Dataflows are managed via the SDF CLI that we install using fvm.

fvm install sdf-beta7

2. Create the Dataflow file

Create the dataflow file in a directory named word-length:

$ mkdir -p word-length
$ cd word-length
$ touch dataflow.yaml

Add the following content to the dataflow.yaml:

apiVersion: 0.5.0

meta:
name: word-length
version: 0.1.0
namespace: example

config:
converter: raw

topics:
sentences:
schema:
value:
type: string
converter: raw
words:
schema:
value:
type: string
converter: raw

services:
calc-word-length:
sources:
- type: topic
id: sentences

transforms:
- operator: flat-map
run: |
fn sentence_to_words(sentence: String) -> Result<Vec<String>> {
Ok(sentence.split_whitespace().map(String::from).collect())
}
- operator: map
run: |
pub fn word_length(word: String) -> Result<String> {
Ok(format!("{}({})", word, word.chars().count()))
}

sinks:
- type: topic
id: words

This dataflow.yaml first declares a version for the dataflow configuration structure.

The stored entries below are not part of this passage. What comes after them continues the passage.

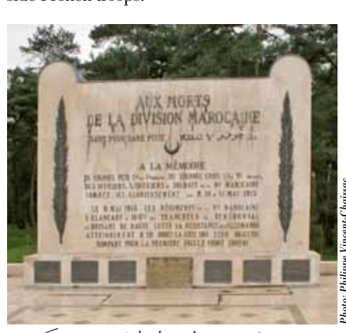
The memorial to the Moroccan Division

The 'case' in a Moroccan camp near fix - Noulette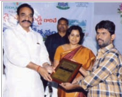
LVPEI won the Second Prize in the Gardens Maintained by Institutions Category. January 2012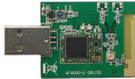
USB WiFi Module

Additionally, Embest offers various optional function modules for DevKit7000. At present, the WiFi (WF8000-U) and Digital Camera (CAM8000-D) modules are available for DevKit7000. And Embest will release more other modules in the future.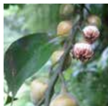
Flowers opening in the morning

Bolwarra – Eupomatia laurina Bolwarra's flower over a few weeks between Christmas and New Year. The unusual primitive flowers last only one day. The flower blooms in the morning, revealing a ring of creamy white fertile stamens which are shed by the afternoon, so the pollinator needs to find and pollinate the flower within that small window of opportunity. The flowers have a distinct smell (like nail polish remover) which attracts it's only pollinator, the co-dependent tiny wasp/beetle Elleschodes hamiltoni . Bolwarra is related to Magnolias, both plants evolved before the evolution of bees.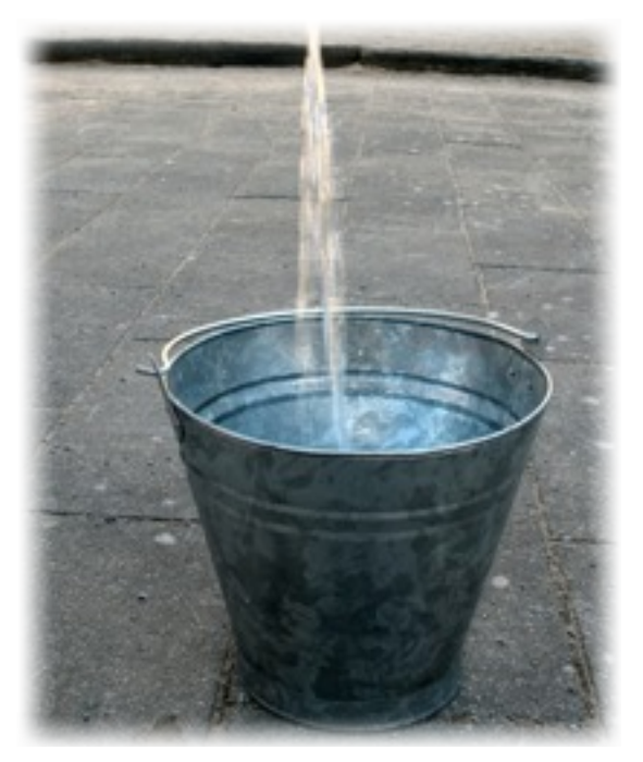
Figure 1: Wikimedia Commons

The United Nations has set the minimum required domestic water needs of an individual at between 20 and 50 liters a day (see: <u>UN water report 2009</u>). 50 liters of water weighs 50 kilograms (110 lbs). Consider that a family of 6 requires 300 liters of water to survive on a daily basis. This amounts to 300 kilograms of water (660 lbs.), which must be carried home 7 days a week, 365 days a year. On an annual basis this adds up to 109,500 kilograms (240,900 lbs) of water to sustain the family. A quarter of a million lbs. of water is a great deal to carry home each year.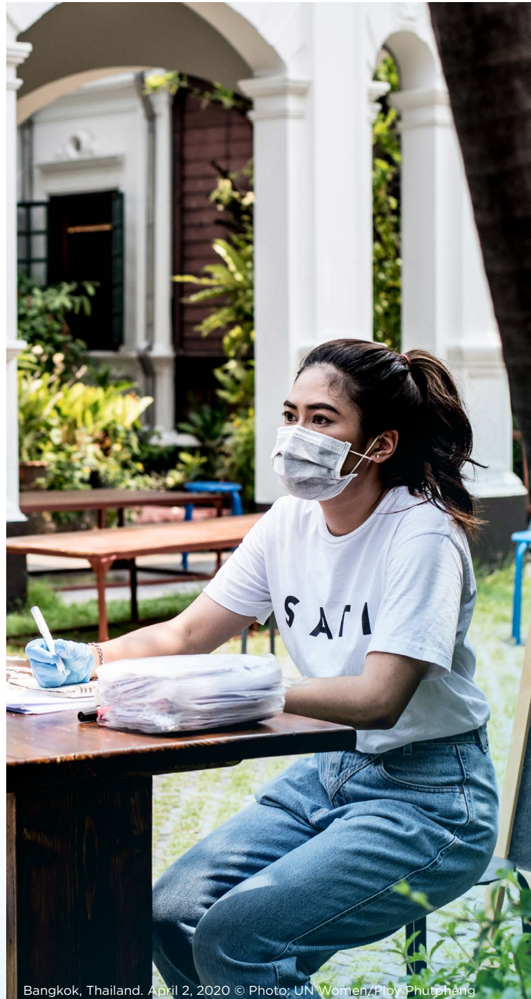
Bangkok, Thailand. April 2, 2020

Parliaments should take the opportunity presented by the pandemic to reflect on the gender sensitivity of their crisis response, and to make changes where appropriate.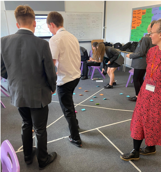
Year 10 working on their empathy map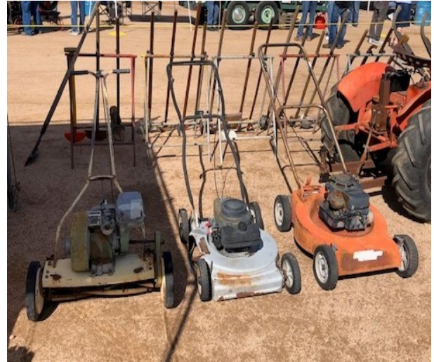
A collection of lawn mowers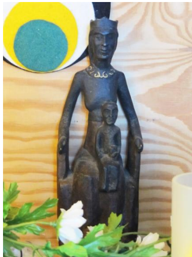
Madonna of Rocamadour, France/house altar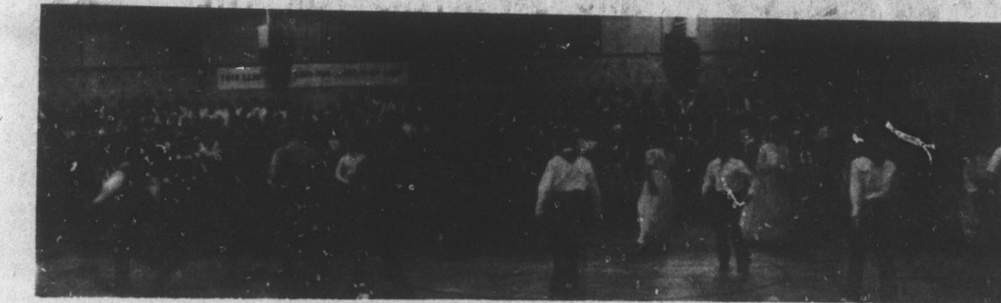
4th Graders Danced A Terrific 'Virginia Reel'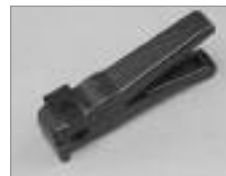
2-Step Cable Stripper with adjustable replacement blades for RG-6, 58, 59 & 62. Poly bagged.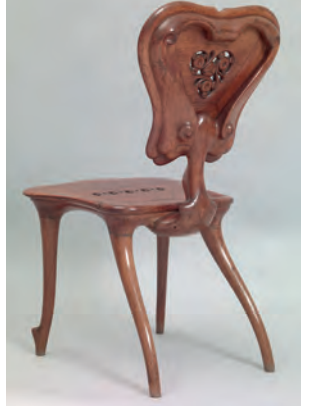
Upright chair from Casa Calvet -ANTONI GAUDÍ Room 65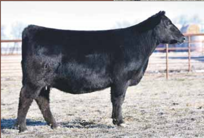
Lot 37 « PVF Lucy 8141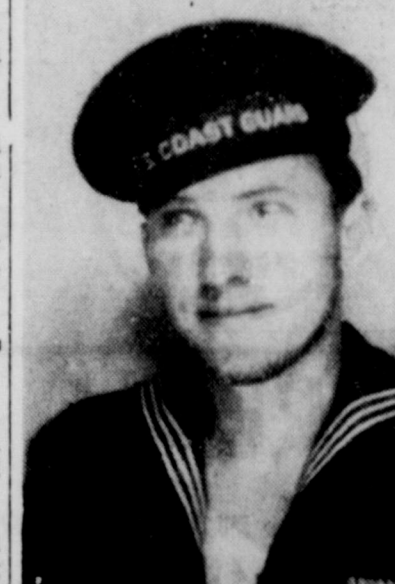
Somewhere in N. W. Africa, Friona Star.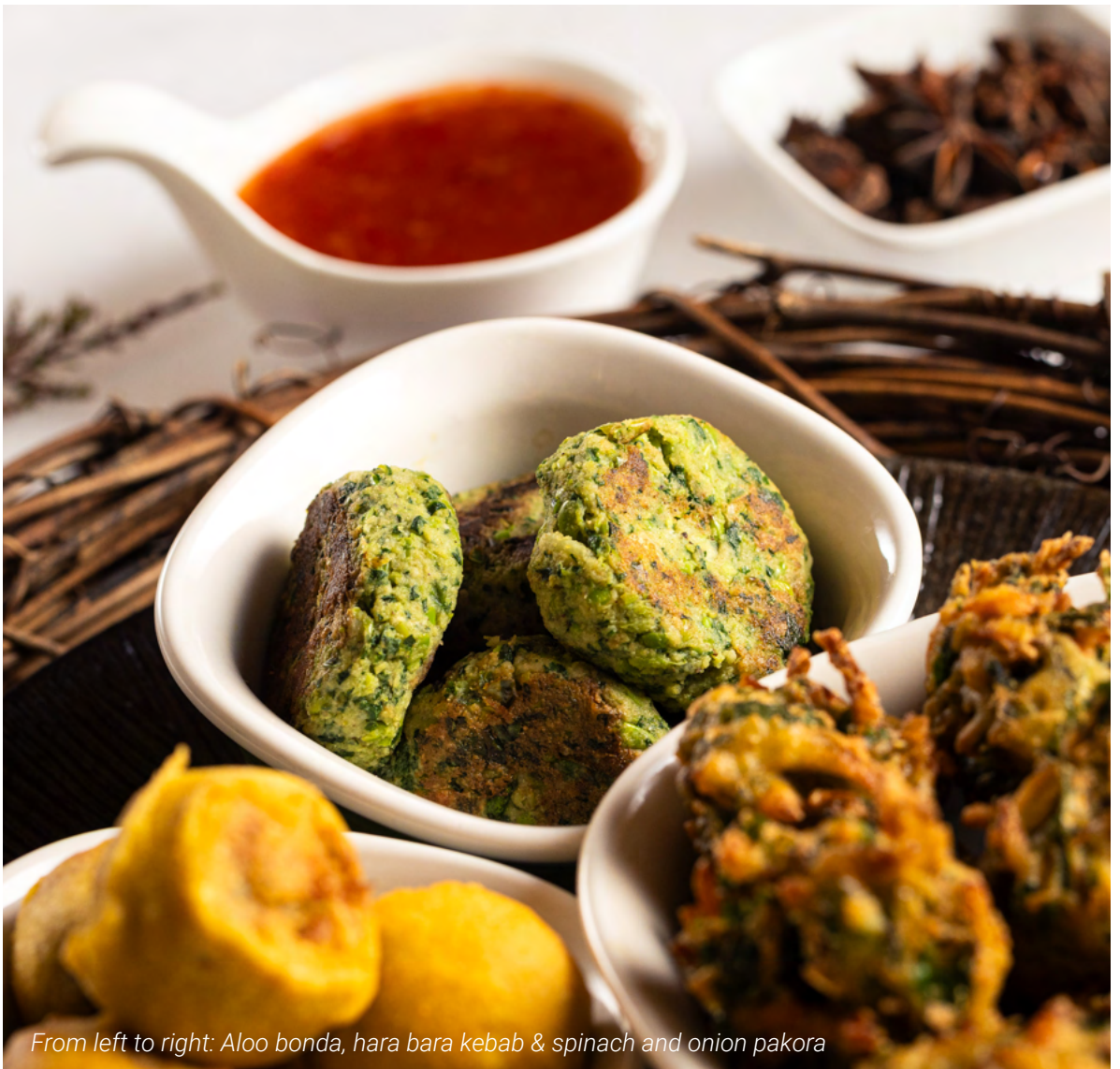
From left to right: Aloo bonda, hara bara kebab & spinach and onion pakora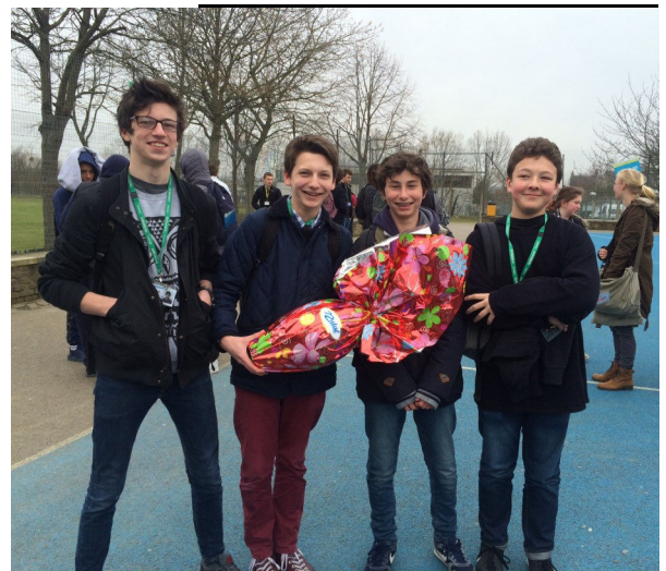
The winners receive their prize.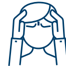
Drug & Alcohol Services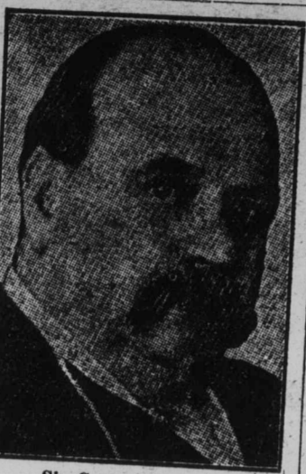
Sir George H. Reid.

Sir George Reid, High Commissioner for Australia, is well known for his geniality, his bulk and his ready tongue. Talking to him not long since, a correspondent asked him had he ever found himself at a loss for a back-answer. "Well," one day at a political meeting "down-under." It was near the close of my last campaign, and I remarked that I thought of retiring from politics, as I felt I was fast nearing that bourne from which no traveller returns. Upon which a voice at the back of the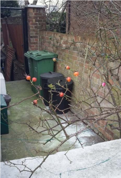
7 – Existing bins location to be retained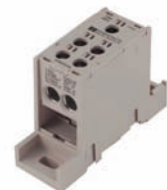
Finger Safe Power Distribution Blocks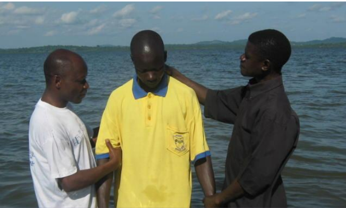
One of the baptism sessions when we welcome new believers into our church family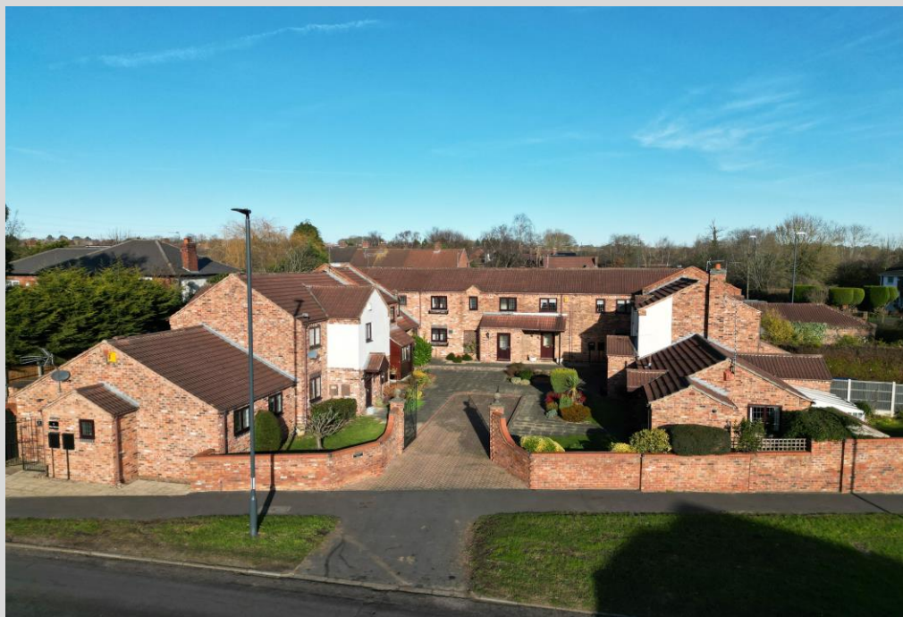
1 Burrowfield Mews Nottingham Road, Spondon Derby, DE21 7SJ

NO UPWARD CHAIN. A fabulous one bedroom bungalow situated in a beautiful mews style development within a short stroll of bus links between Derby and Nottingham. The property has been completely renovated and maintained by the current owners who have created a wonderful, stylish and modern home. There is parking and a brick built garage to the rear of the development and a very private low maintenance rear garden with a covered terrace, raised brick planters and an artificial lawn. Internally the property is finished to a high standard with a modern fitted kitchen, stylish shower room and a good size lounge/diner with two sets of patio doors which lead out to the garden. All of the windows are UPVC double glazed and there is a gas combination boiler fuelling the central heating and hot water.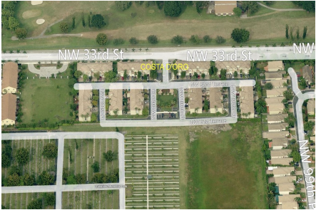
Built in 1998 - 52 units - 2 floors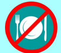
Difficulty Eating or Feeling Full Quickly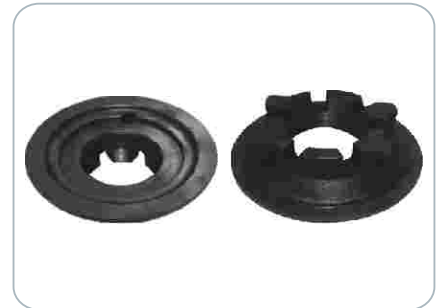
BPW (Eco Model - 14 Ton) Size : 52x2 p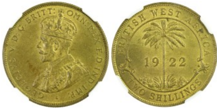
1657. BRITISH WEST AFRICA: George V , 1910-1936, 2 shillings, 1922, KM-13b, NGC graded MS64 $120 - 160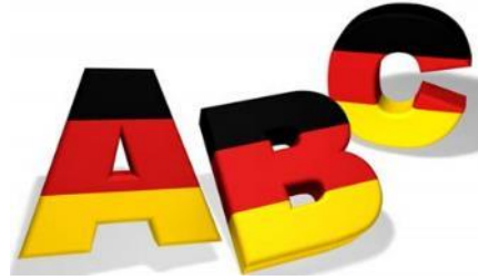
PARLEZ-VOUS DEUTSCH ?

It then defines a default record converter, "raw" instead of "json" in this case. Next, it lists two Fluvio Topics which the dataflow expects to be present, with an expected record schema. SDF will create these Topics if they do not already exist. Finally, the config defines a Service which will read from a source topic and write to a sink topic. The service uses two Operators, in this case defined in-line in Rust, to perform transformations on the data.

3. Run the Dataflow

Use the sdf CLI to run the dataflow. This will start a REPL which we can use to communicate with the dataflow.

$ sdf run --ui

Note: When passed to sdf run, the --ui flag will start a local webserver allowing you to view the graphical representation of the dataflow on SDF Studio.

4. Test the Dataflow

First, let's use Fluvio to consume from the words topic so we can see the output of the dataflow in real time:

$ fluvio consume words

Then use Fluvio to produce sentences to the sentences topic:

$ fluvio produce sentences

Enter the following strings into the producer REPL:

Hello world
Hi there

You should see the following output in the consumer stream:

Hello(5)
world(5)
Hi(2)
there(5)

5. Show State

Stateful Dataflows are capable of maintaining states (data values) in durable storage, which like a database, will persist when an SDF session ends. You can define arbitrary state values which can be accessed and updated in your dataflow. SDF also maintains some built-in state values which keep track of the dataflow's status.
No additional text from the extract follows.